Brain MRI & Machine Learning
Dr Greg Slabaugh (Senior Lecturer, Research Centre for Machine Learning)
This talk will describe computational methods to analyse brain Magnetic Resonance Images. MRI is a popular medical imaging modality for scanning soft tissues like the brain. I will introduce different machine learning models for recognition of patterns in brain MRI for better characterising disease like brain tumours or looking at functional differences between patients with neurological disorders and controls.
Melodrive: building an artificially intelligent composer
Andrew Elmsley (PhD Researcher, Research Centre for Machine Learning)
This talk will present some of the challenges faced when trying to build artistic machines. Through his work on creating adaptive musical scores for video games at Melodrive, Andrew will highlight the different musical components of the vast topic of automatic musical composition. Given his background in computational music perception and generation, he will emphasise the importance of building machine-learning models that can perform particular musical tasks, thus creating artificially intelligent composers. Andrew also once conducted a robot orchestra performing the Dr Who theme tune.
Learning to see: how machines learn to understand images?
Muhammad Asad (PhD Researcher, Research Centre for Machine Learning)
Recent years have seen significant advancements in Computer Vision algorithms, where computers can look at image and video data to understand a given scene. Be it face recognition or smart cars in real-world scenarios, computers are beginning to excel and, in some cases, surpass their human counterparts. This talk introduces the audience to the concept of machine learning, which enables computers to learn from known examples of a given task and apply their learned knowledge to a new, but similar, scenario.
Personal data for sale?
Dr David Haynes (Lecturer in Information Management)

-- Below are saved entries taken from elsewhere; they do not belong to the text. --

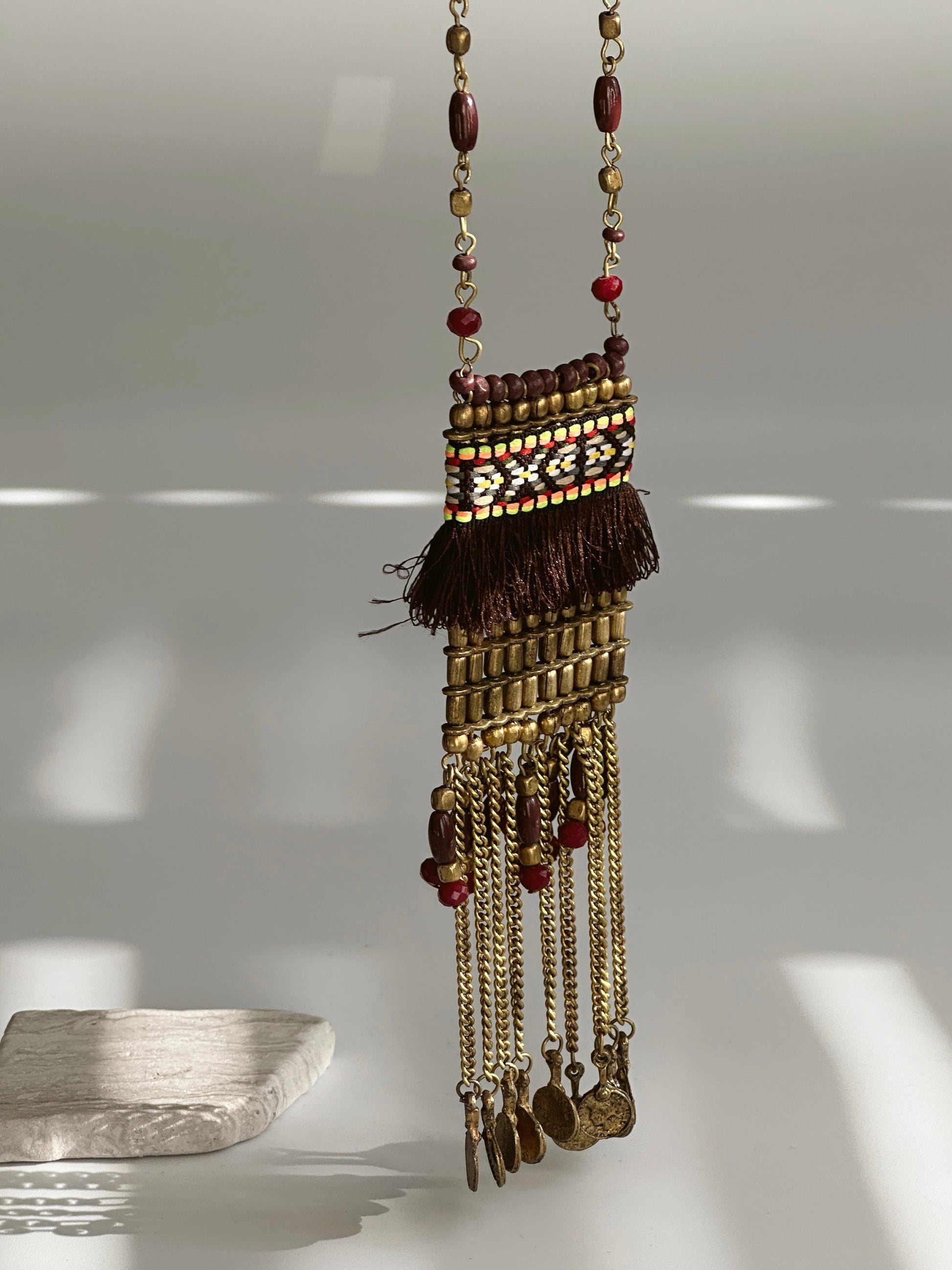Its ethnicity and elegance comes from the traditional tribal ethnic design and boho minimalist string structure. It is designed and produced by local shaman artisans. Shamanism is known as a nature worship belief. Shamans bound their soul with nature. Our necklace is designed and is became alive with this bound.
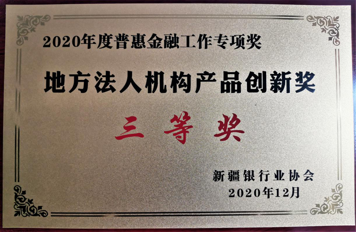哈密市商业银行荣获新疆银行业协会2020年普惠金融工作成效评比产品创新三等奖
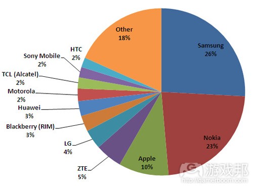 ABI Research:2012年Q1 三星占全球26%的移动市场份额 ABI Research今年第一季度报告显示,三星在最近十年来首次取代诺基亚,成为全球最大的移动设备制造商。 诺基亚目前占据全球23%的移动市场份额,落后于占比26%的三星,而苹果则以10%市场份额位列第三。 更多阅读:ABI Research:预计2012年全球4G智能手机和平板电脑销量达6100万台ABI Research:预计2012年手机平板出货将增加10倍ABI Research:2013年Q1全球平板电脑出货量约为3900多万台 近半收入来自美国ABI:RFID市场增长远低于预期ABI Research:预计2013年全球平板电脑出货量将达1.45亿台ABI Research:2012年全球移动设备摄像头出货10亿个ABI Research:2012年全球WiFi设备累计出货量将达50亿台ABI Research:预计2012年全球移动应用市场累计营收将突破300亿美元ABI Research:预计2012年底全球宽带用户数将达6.2亿ABI Research:数据显示iOS游戏平均大小达60MBABI Research:手机APP下载会持续增长吗?ABI Research:调查数据智能手机用户年均下载37个AppsABI Research:2012年智能手机配件营收将达200亿美元ABI Research:2012年Q1苹果iPad出货量达1180万台ABI Research:研究显示美国家庭电视机连网率仅27% 游戏机为80%
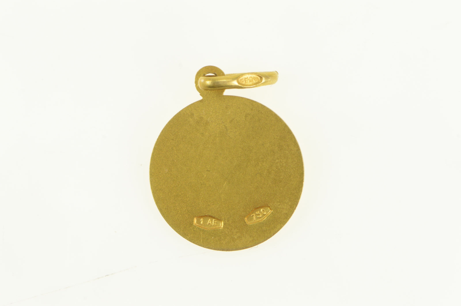 ·Item: 18K Virgin Mary Baby Jesus Biblical Scene Round Charm/Pendant Yellow Gold
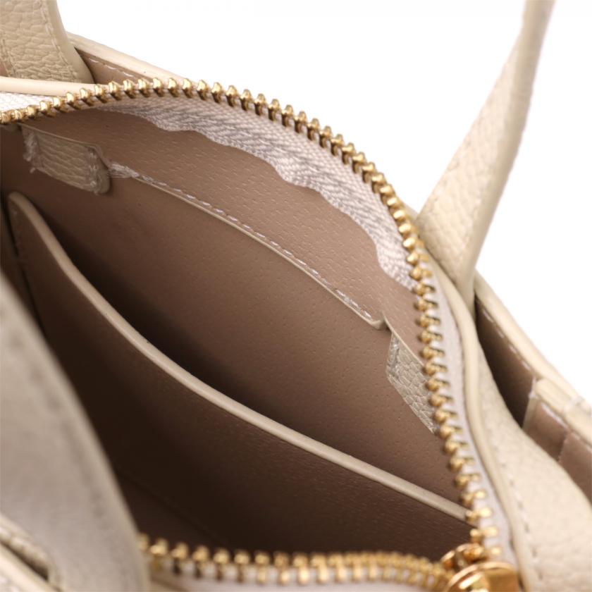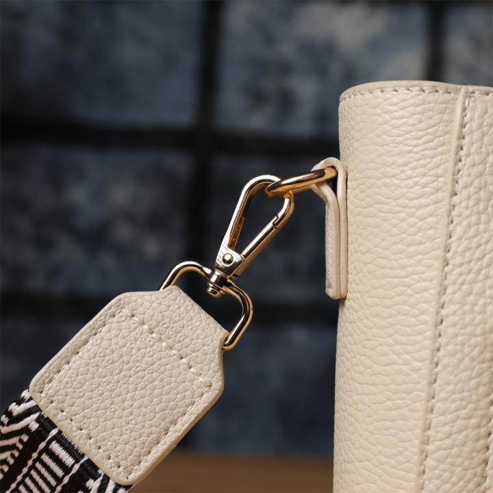 Фурнитура в изысканном золотом цвете прекрасно сочетается с белоснежным тоном кожи, придавая аксессуару утончённый и благородный вид. Съемный текстильный ремешок обеспечивает комфорт при носке — сумку можно носить как на плече, так и через плечо, легко адаптируя её под повседневный или более нарядный образ.
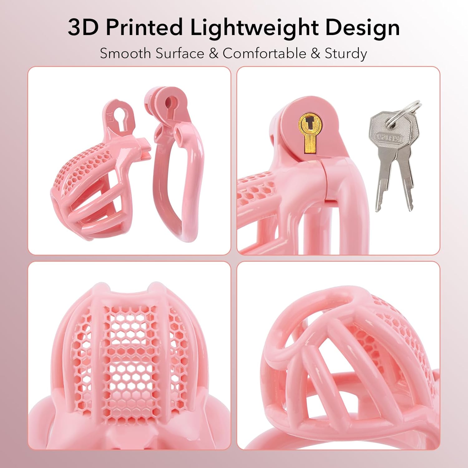 Lightweight 3D-Printed Chastity Cage – Pink Plastic Cock Cage with 4 Ring Sizes
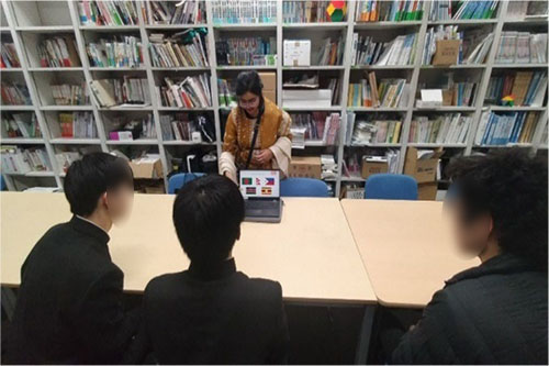 2025年1月29日(水)に添削管理リーダーであるナボニー・プリオドシニ―さんが来校され,生徒3名,及び授業担当教員の2名で意見交換会を持つこととなった。意見交換会に先立ち,3学期の英検後にアンケートを実施した。授業担当者として,生徒から得た解答で印象的だったのは,「高校1年生になって,英検の一次試験に合格した」「定期試験や模試などの英作文に抵抗がなくなった」「分野ごとに語彙が整理されているので,ボキャブラリーが増えた」というこちらの用意した項目,すなわち,こちらが達成を意図した項目に生徒が多数同意していることから,英作文への抵抗感が薄れてきている生徒や,スマコレを通じて確実に達成感を得ている生徒や自身の学力の伸張を実感している生徒が多々いる点である。スマコレの満足度は,授業を受ける生徒だけでなく,それに取り組ませる教員の立場からしても非常に高いものである。

What do you reveal about yourself when you use social media? Who wants to know what your are going online? David will take you on a typical journey through social media to identify the ways in which your personal data is exposed. He will also suggest ways in which you can reduce these risks. His talk is based on his research into privacy on social networks.
(Image: (c) Dave Pearson, 2007)
(Image: (c) Dave Pearson, 2007)
Computer security audit & machine learning
Konstantin Pozdniakov (PhD Researcher, Research Centre for Machine Learning)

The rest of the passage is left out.